EXERCISE GOAL:
Although the material holds pictures, none belong in the copy; transcribe exactly, and only, the lines from the one with "Kako stoji u" through the end.

DATA SECTION:
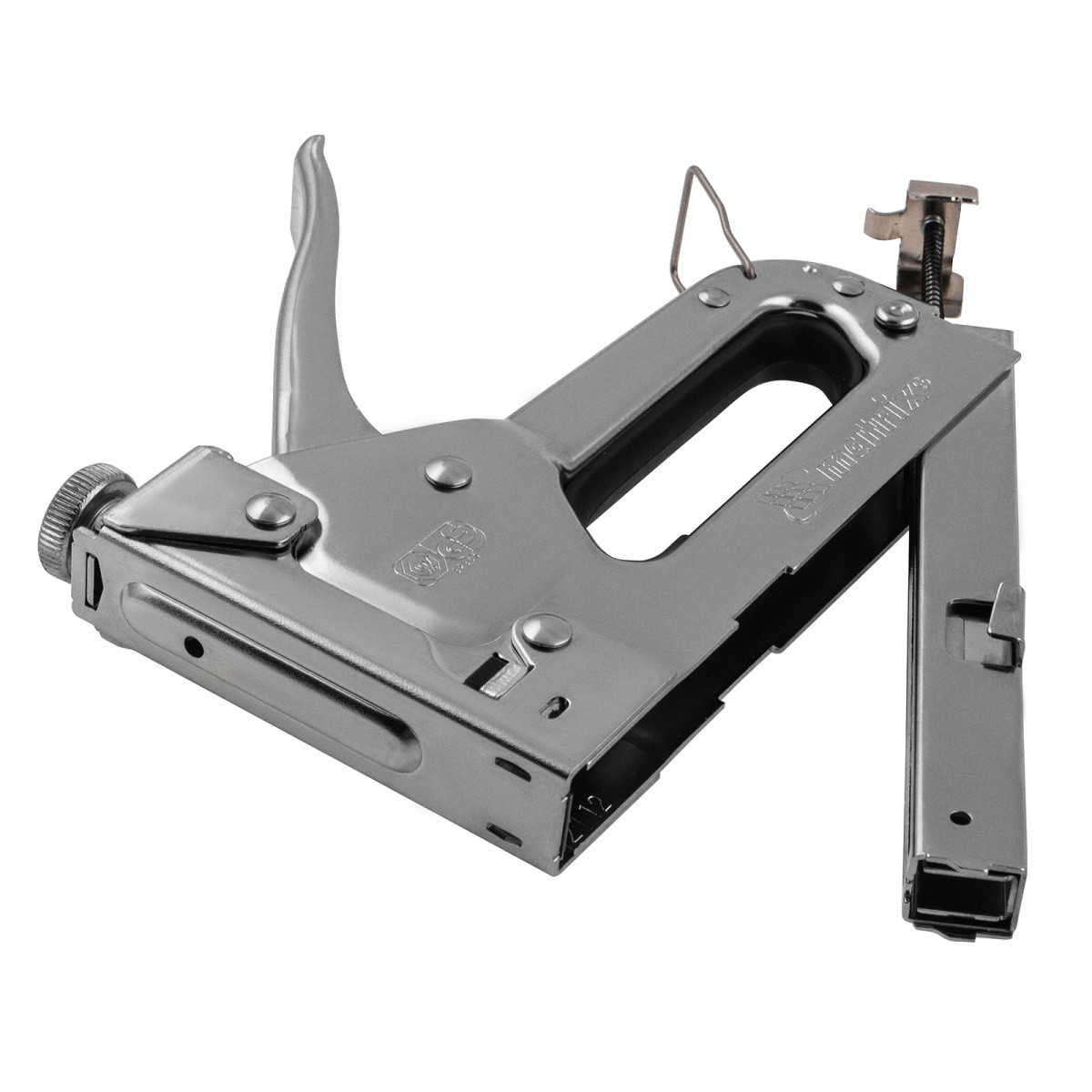 Регулируемый мебельный степлер Matrix 40902, предназначенный для скоб типа 53 размером 4-14 мм, используется для быстрого скрепления с деревянным основанием листовых материалов — фанеры, картона, оргалита, ДВП, ДСП, пленки или утеплителя. Степлер пригодится для сборки и обивки мебели, монтажа теплоизоляции, а также будет полезен в быту. Поставляется со скобами в количестве 50 штук.
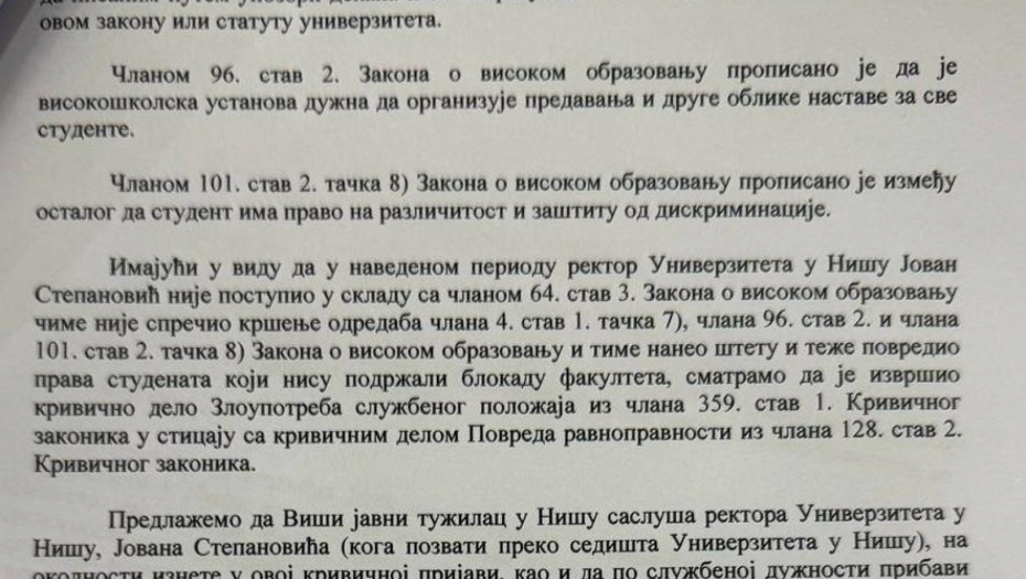Kako stoji u krivičnoj prijavi, navodi se da je su prekršeni Član 64. stav 3, Član 96. stav 2, i Član 101. stav 2 Zakona o visokom obrazovanju.
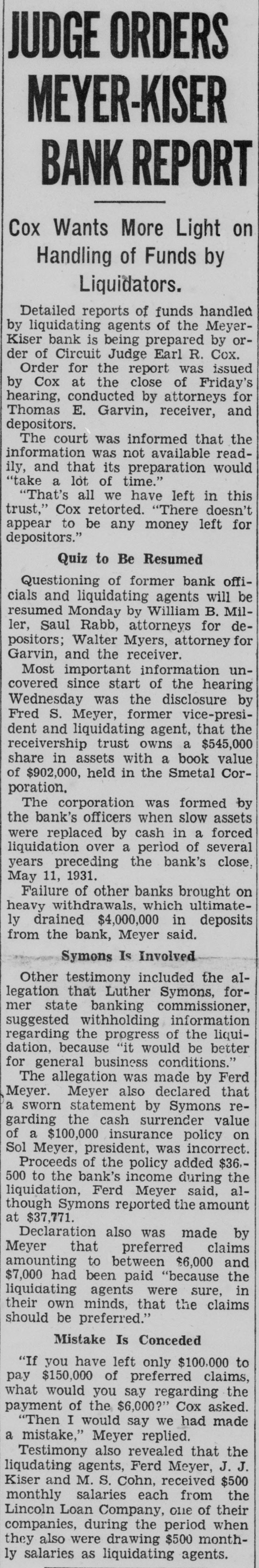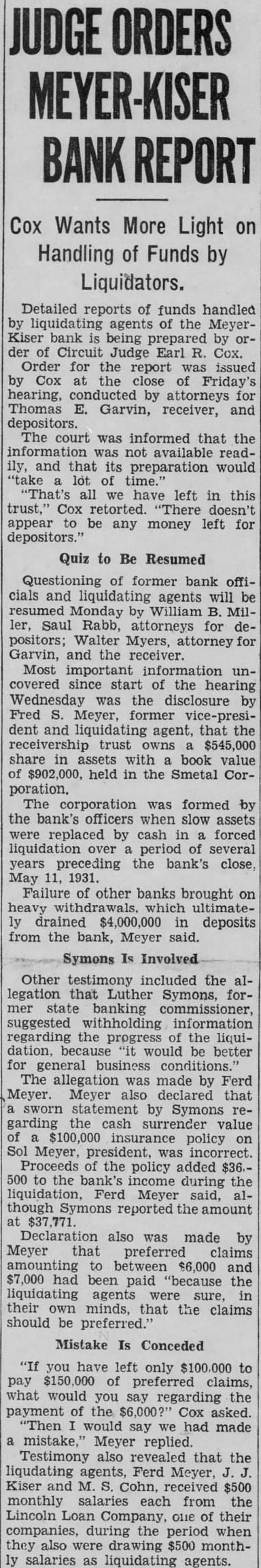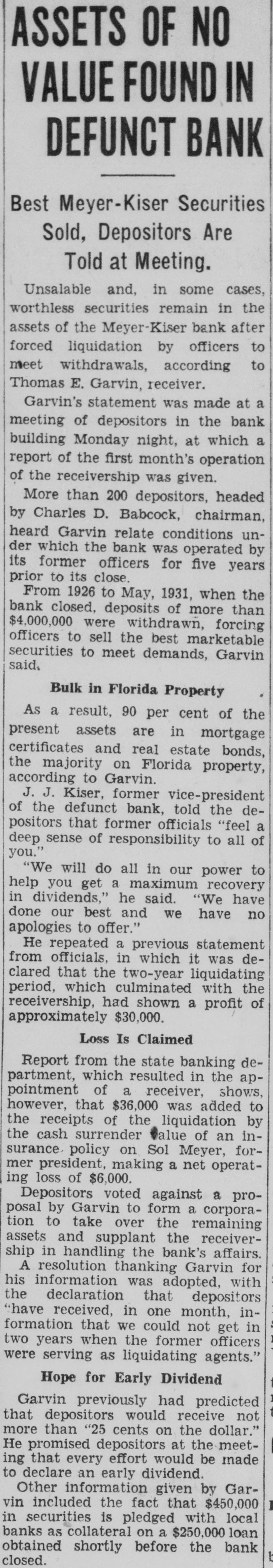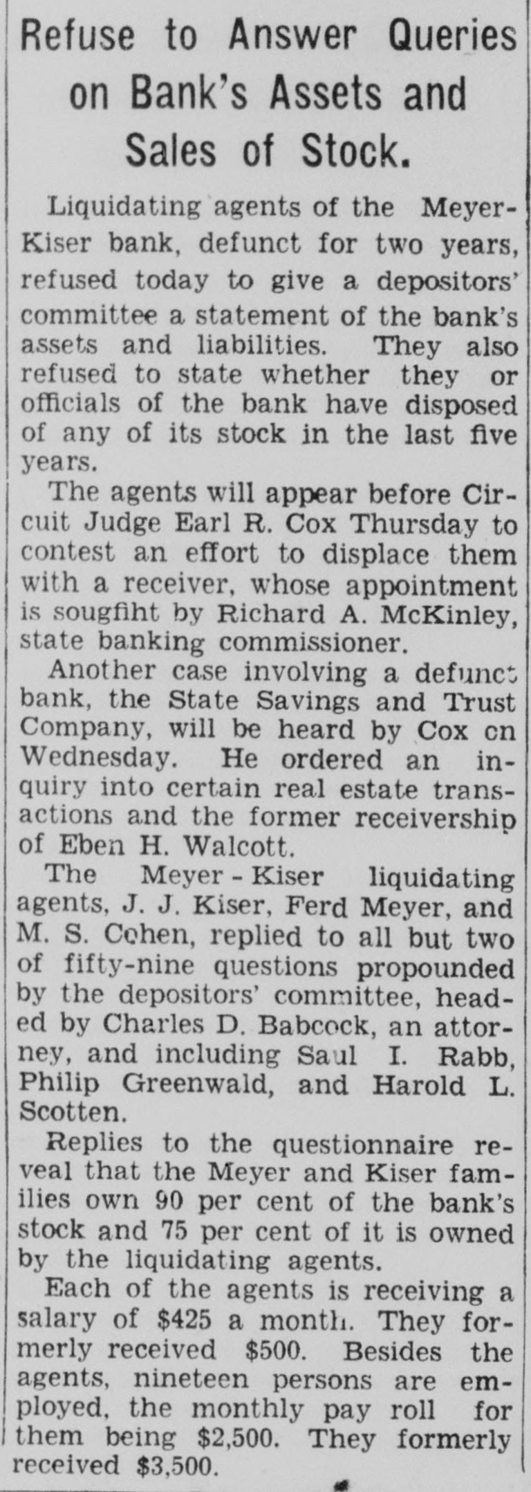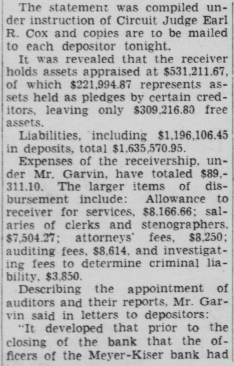 "Then you think the Meyer-Kiser bank still is solvent?" Miller asked.

ANSWER:
Kako stoji u krivičnoj prijavi, navodi se da je su prekršeni Član 64. stav 3, Član 96. stav 2, i Član 101. stav 2 Zakona o visokom obrazovanju.
 "Then you think the Meyer-Kiser bank still is solvent?" Miller asked.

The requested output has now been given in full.